Sometimes it feels impossible to enter the extraordinary. The mind has its tricks to keep you firmly planted in the mundane: necessities, bills, eating, sleeping. And each thing carries a weight and a tether and a nook that allows more of the same to pile on like some great, cosmic Lego. Fears and regrets pile on in the same manner, as the days slide by and you’re left wondering just what you did all week. But what is that tugging sensation in your heart? Can you find the strings of hope and wonder that once upon a time pulled you up and into the day, luring you with possibility?

Then comes a simple chance encounter to lift you out of the dull like a beacon. In an instant you’re offered the miracle of a clear view, or beauty, or purpose and on you get, refueled and whole. I find that a natural act is what does the trick for me: a sudden summer thunderstorm, my son’s laugh, a perfect spiral of cream swirling in my coffee. What might we call this state? It’s not the ecstasy of St. Theresa, quite; but it is for just a moment a reminder that we’re capable of that joy. It’s the simple ecstasy that inspires you to write, “You’ve restored my faith in humanity” after a kind and random act. It’s the love that makes your usual morning brew a deeper experience.

Sometimes those simple ecstasies collect like beads strung together, decorating a pathway toward the extraordinary. Treat them like climbing rope, they are easy to follow– one simple ecstasy after another, one noticing moment after another and soon the mind is miles from the ordinary.
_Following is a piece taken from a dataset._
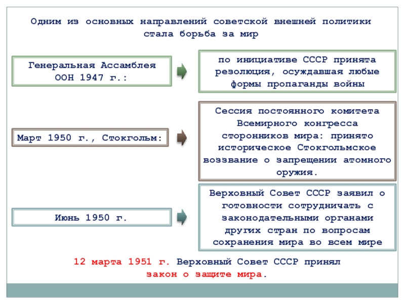 Одним из основных направлений советской внешней политики стала борьба за мир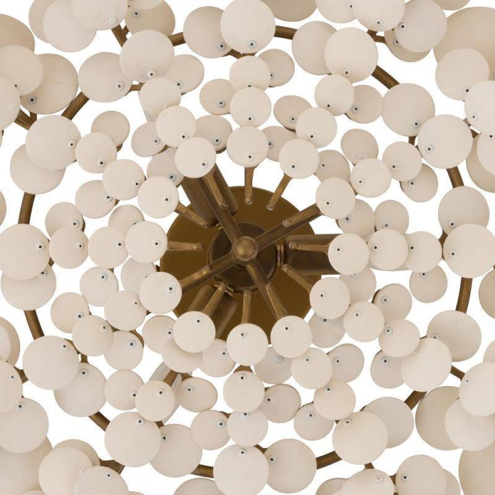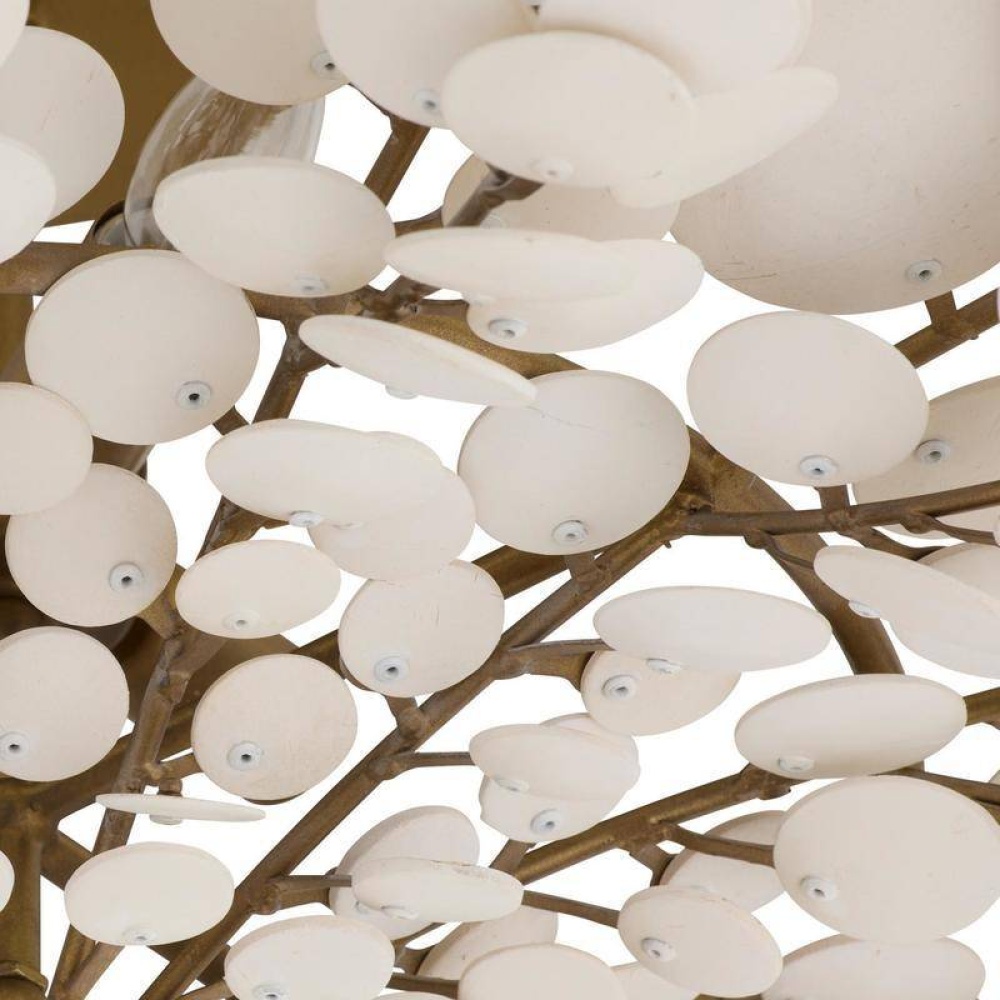 The lush allure of tropical foliage informs the Bilal. From afar, this botanically inspired fixture resembles metal but is cleverly constructed of coconut shells. Updated in a neutral ivory hue, it is a stylish companion to our Bilal chandelier. Suspended from an antique brass iron canopy. Finish will vary.

We find ourselves in a communal space, with people from the four directions called together by our bright star and the changing tilt of our Earth. It’s a call from an older place– maybe for you it’s across the ocean, or maybe just over the mountains, or around the bend. It’s an ancestral place, a place where the people grew, generation after generation, in a long line up to your birth. Dipping into the bones of that latitude, an older voice emerges. A quiet voice sings deep in the opera of groaning earth, its voice the low melodious hum of blood in the womb, bright like magma. Give in to it.

Go gently: it is a slower time. It is the pulse of sap in the wood; it is the flow of viscous tincture within a single leaf. It ticks not by the second-hand, but by the cell, and its clock is the universe itself. You breathe gently now, sensing the breath not so much as your life, but as one in the same with the wind that sweeps by your body. You feel your body as the land, and your eyes convey the light from outside within. Your limbs carry weight like stones and yet they are also as light as bird wings. There is nothing left to wonder in this space; you are home, and this is extraordinary.

It has been this way for eons. Our oldest ancestors knew the secrets of this growing time, and built monuments to them. There is an awe in observing them, but also a tug of fear like what arises when we brush by memorials and cemeteries. We usually hurry along. But is it really that mortal dread that we’ll become “just like them,” or could the sensation be tied to something deeper? Perhaps it’s not so much fear as it is the weighted sense that we never knew these people. We pass by them every day in our own cities or towns, but they are strange to us. Their stories are silent under the weight of granite, yet they reach out to us all the same, the tendrils of each requiem singing out from under the collection of faceless names. “Learn me,” they say. “Do not forget. I had a rich life. I knew the things you know now. Be with me.”

I say it is this haunting sense of unknowing, and also this impossibility of knowing, that turns us away. My teachers always emphasize that the extra-ordinary space of ceremony isn’t just a form of worship; more so it is a building of relationship with our ancestors. It’s daunting, it’s a little bit frightening, and we don’t quite know how to make the right effort. Think of all the lives that came before you in order for you to exist! Relatives, friends, neighbors, strangers… It’s overwhelming. Where would you even make a start?
Essentially we don’t, I say. We make a stop. We slow down and settle into the rhythm of our own bodies, this momentary space we sit in, and the land whereupon that is, with the sky over the land, and the deep expanse even beyond that: the swirl of the deep quiet of boundless outer and boundless inner, the vast shared space of swirling atoms, being beyond even the biggest and tiniest things we know. That space is where we will hear them. That beautiful, effortless space is where the relationship resides, and it is a celebration.

Summer Solstice brings us directly into the energy of this boundless knowing. It is the source of all that is, and the light that defines it. The plants are so nourished by it, and soon they will gift that nourishment to our own growing bodies. Later in the year we can celebrate the ways we nourish them in return. But for now, on this bright day, we hold it aloft before us as a golden rotating disc. It is life-by-life, in an endless pulse of xylem, phloem, and blood, and through this pulse you know the extraordinary is not something beyond you. It is you.